The Indigenous Aircraft Carrier (IAC), being built at Cochin Shipyard Limited, is facing delay in the installation of gearboxes for the four powerful engines of the 40,000-tonne warship. As per estimates arrived at by the apex committee of the Ministry of Defence (MoD) last month, the warship can now be launched by the end of this year. This will be almost two years behind its original launch deadline of October 2010.
Once the hull of the warship is launched at the sea, the outfitting is likely to take another four years, hence the warship is expected to be delivered to the Navy only by 2016, which is two years behind its original schedule. Defence Minister AK Antony had laid its keel in February 2009.
In January this year, the under-construction ship was taken out of the dry dock and stationed in the waters without some of the equipment that should have been in place.
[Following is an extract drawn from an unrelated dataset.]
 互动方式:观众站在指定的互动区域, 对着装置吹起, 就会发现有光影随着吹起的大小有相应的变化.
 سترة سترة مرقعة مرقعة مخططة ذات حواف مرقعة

Sources said one of the gearboxes had been fitted while another one arrived at the yard a few weeks ago. To get it fitted, the ship will have to be taken back to the dry dock. An Indo-German collaboration that supplied gearboxes for the 5,000-tonne stealth warship, INS Shivalik, was chosen in this case also. The aircraft carrier is almost 10 times bigger. The first lot of gearboxes provided by the company was unacceptable and had to be designed afresh.
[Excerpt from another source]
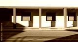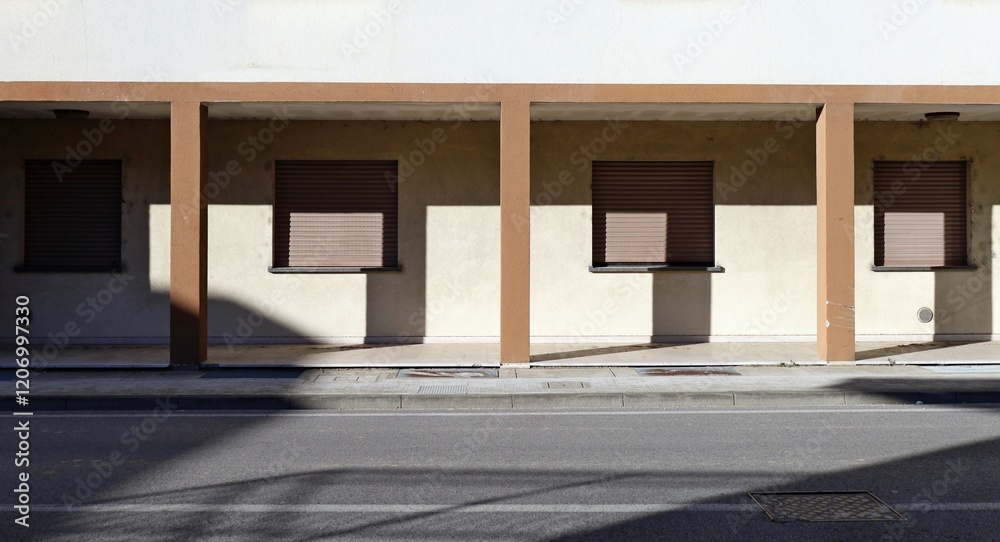 Brown plaster columns in front of old abandoned house porch with closed shutters at the roadside. Sidewalk and street in front. background for copy space.

The contract was to have around 18,000 tonne of the warship ready at the time of the launch, but it is still short by around 4,000 tonne, sources said. The MoD and the Navy have conveyed their displeasure to the shipyard and asked it to get the warship back to the dry dock and simultaneously continue with other works till the gearbox issue is sorted out.
The MoD had allocated Rs 230 crore for the modernisation of the shipyard. Since a modular-style construction has been adopted, it is possible to work on other equipment at another site.
The primary reason for the delay is the highly complex nature of the warship that India is attempting along with its simultaneous efforts to localise production. India is the fifth country attempting to make such a warship, which will have fighter aircraft stationed at its deck. So far, only the USA, Russia, the UK and France have produced such warships. China is re-fitting the one that it purchased from Ukraine after the USSR broke up.
Strategically, this delay will affect the Indian ambition to have two aircraft carriers in its Naval fleet. At present, India has only one, the INS Viraat, which after a life extension, is slated to retire in 2015. It is 50-year-old and the fighter aircraft on its deck, the Sea Harriers, are no more produced now. The second aircraft carrier, the Russian-origin Admiral Gorshkov, is undergoing sea-trials in Russia and is set to join the Indian fleet early next year under its new name, the INS Vikramaditya. In case the IAC is not delivered till 2015 – which is unlikely as per the present status – the Navy will be left with only one aircraft carrier, INS Vikramaditya.